I think that 3D-manufacturing techniques can simplify some of this processing. I am collaborating with Northeastern University to develop a process to make 3D-printed sensors. We actually developed a process to fabricate carbon nanotube gas sensors. We’re currently working on developing a process for graphene, molybdenum disulfide, and other 2D materials.
Sensor Technology: What are the benefits of 3D-printing the sensors?
Sultana: The device development time is much faster. The technique we are developing with Northeastern is about 1000 times faster than traditional 3D-printing techniques. Also, it eliminates a lot of the time-consuming and expensive microelectronics processing techniques we have to use for traditional fabrication of nanosensors.
Sensor Technology: What other applications are possible with graphene?

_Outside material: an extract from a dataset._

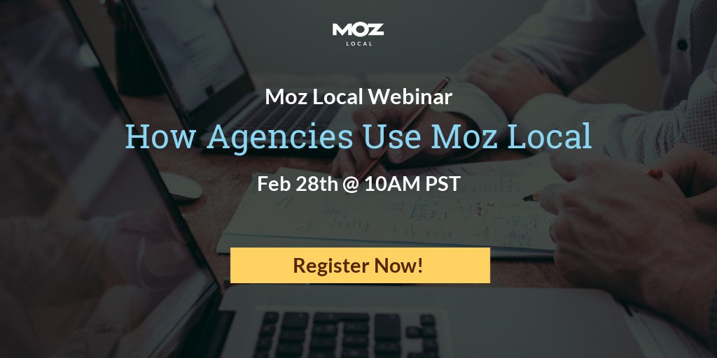 How do agencies use our toolset to solve complex marketing challenges? Join our webinar to find out! Registration is available here: http://mz.cm/2nGlGUu #mozlocal #webinar #seo pic.twitter.com/CYPo8J0gU4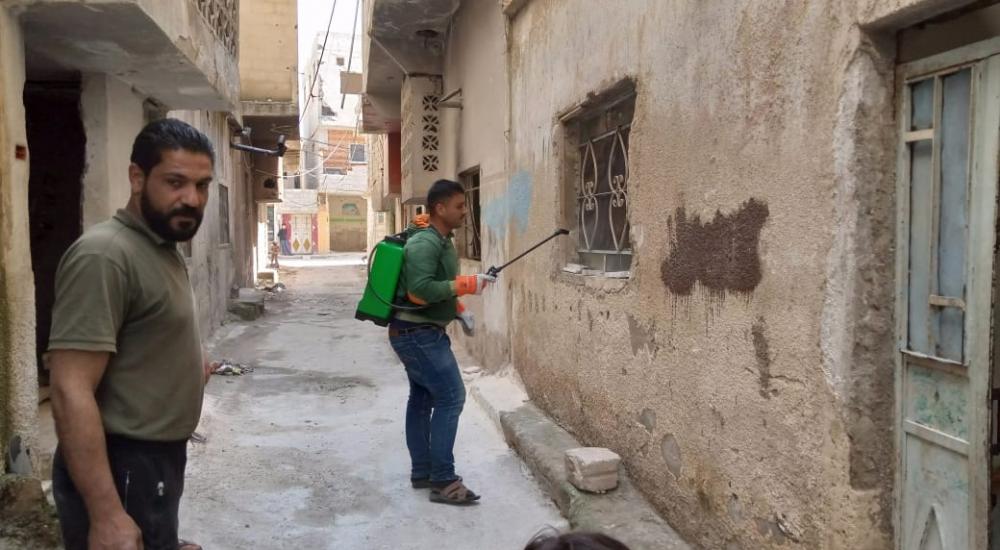 نفذت وكـالـة غوث وتشغيل اللاجئين الفلسطينيين "أونروا" بالتعاون مع الهيئة العامة للاجئين الفلسطينيين العرب حملة تعقيم وتطهير وتنظيف في المخيمات الفلسطينية بسورية، وذلك ضمن جهود مواجهة انتشار فايروس كورونا المستجد.

Sultana: In addition to sensors, there are a number of other applications of graphene that researchers around the world are looking at, including electronics, optics, filtration, interconnects, coatings, energy storage, photovoltaic cells, and composites. In terms of electronics, one of the lower hanging fruits is to use graphene as a transparent electrode. Samsung has already demonstrated a touchscreen using graphene. Graphene would essentially replace indium-tin oxide, which is the current material used as a transparent electrode.
Sensor Technology: How can graphene’s flexibility enable new applications?
Sultana: Flexible electronics is another area where graphene has shown significant promise. Graphene, although it’s a conductive material, is also flexible and can enable flexible gadgets such as rollable laptops or wristband monitors. You can bend graphene without damaging it, which is not the case for indium tin oxide or other metals. If you bend indium tin oxide, it breaks at the corners or bends.
Sensor Technology: What do you think is most exciting about this nanosensor development?
Sultana: I think the fact that these sensors have so many different possibilities and applications is exciting. Graphene’s unique set of properties can be used to develop new technologies, which in turn can enable new space missions. That to me is very exciting.
These sensors are currently in development. We only started working on them a few years ago; it’s still in the development phase. We’re hopeful that in the near future we can use them in space missions.